• **Problem to solve**
Transcribe the data as written, minus images.

• **Recorded information**
┄┄┄┄┄┄┄┄┄┄┄┄┄┄┄┄┄┄┄┄

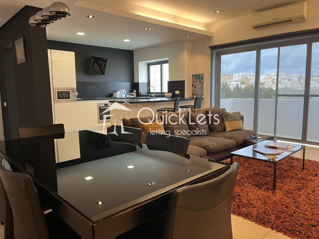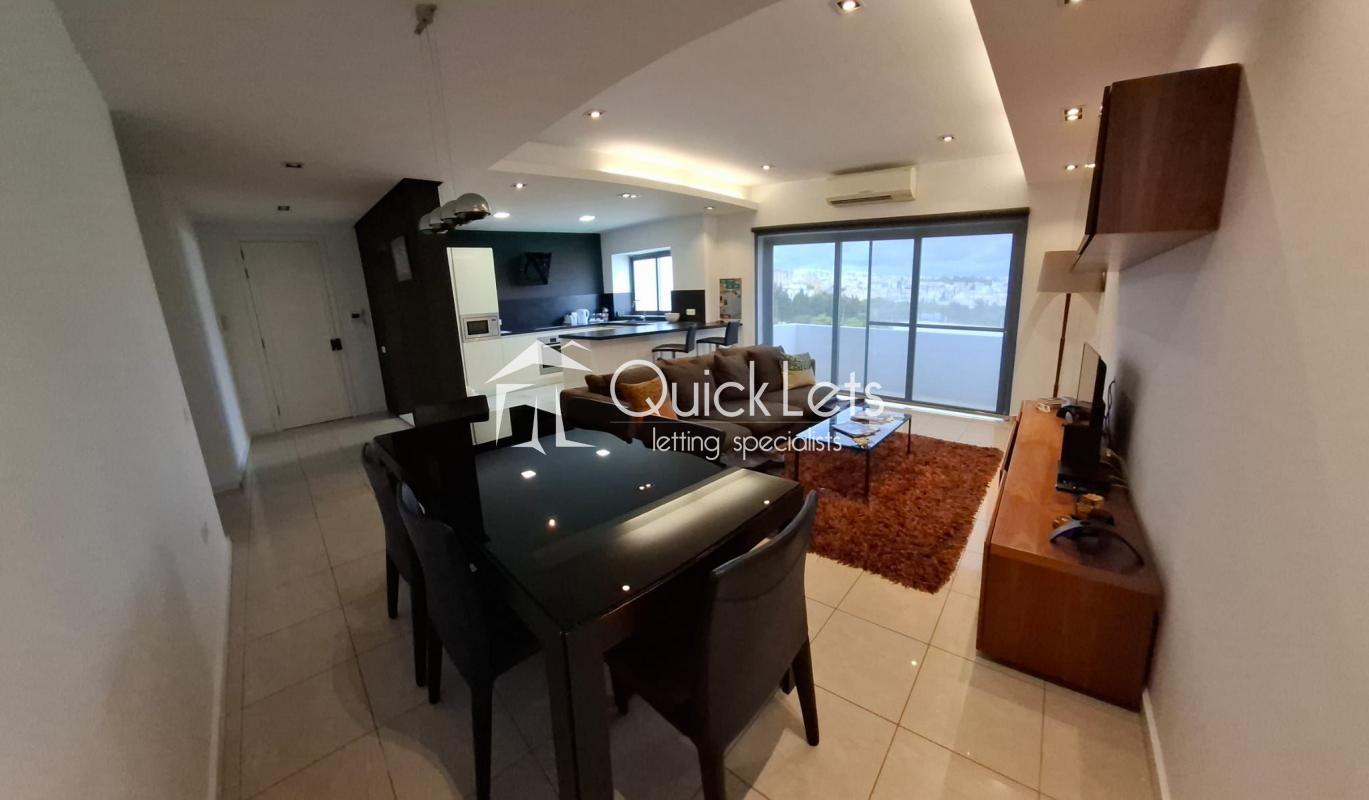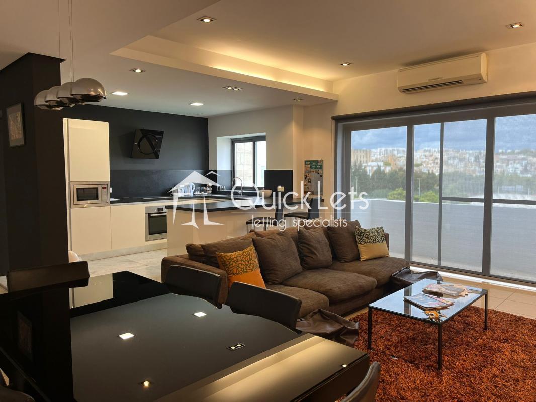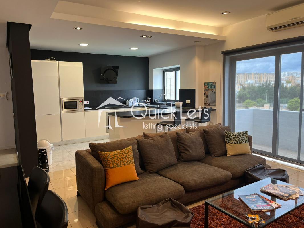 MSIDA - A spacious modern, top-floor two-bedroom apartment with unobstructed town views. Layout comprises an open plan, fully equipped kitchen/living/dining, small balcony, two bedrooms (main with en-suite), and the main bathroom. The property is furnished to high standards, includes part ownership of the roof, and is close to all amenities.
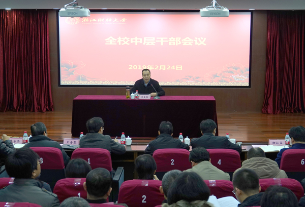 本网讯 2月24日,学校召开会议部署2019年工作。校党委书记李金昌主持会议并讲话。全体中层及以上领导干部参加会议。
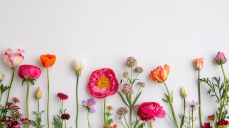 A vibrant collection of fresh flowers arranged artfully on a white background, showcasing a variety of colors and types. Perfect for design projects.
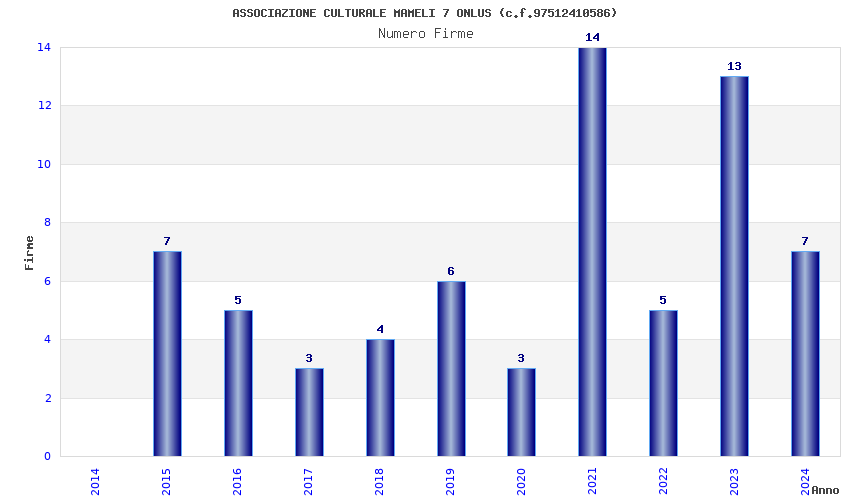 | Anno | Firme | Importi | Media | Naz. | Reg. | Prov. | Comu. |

┄┄┄┄┄┄┄┄┄┄┄┄┄┄┄┄┄┄┄┄

• **Exercise solution**
 MSIDA - A spacious modern, top-floor two-bedroom apartment with unobstructed town views. Layout comprises an open plan, fully equipped kitchen/living/dining, small balcony, two bedrooms (main with en-suite), and the main bathroom. The property is furnished to high standards, includes part ownership of the roof, and is close to all amenities.
 本网讯 2月24日,学校召开会议部署2019年工作。校党委书记李金昌主持会议并讲话。全体中层及以上领导干部参加会议。
 A vibrant collection of fresh flowers arranged artfully on a white background, showcasing a variety of colors and types. Perfect for design projects.
 | Anno | Firme | Importi | Media | Naz. | Reg. | Prov. | Comu. |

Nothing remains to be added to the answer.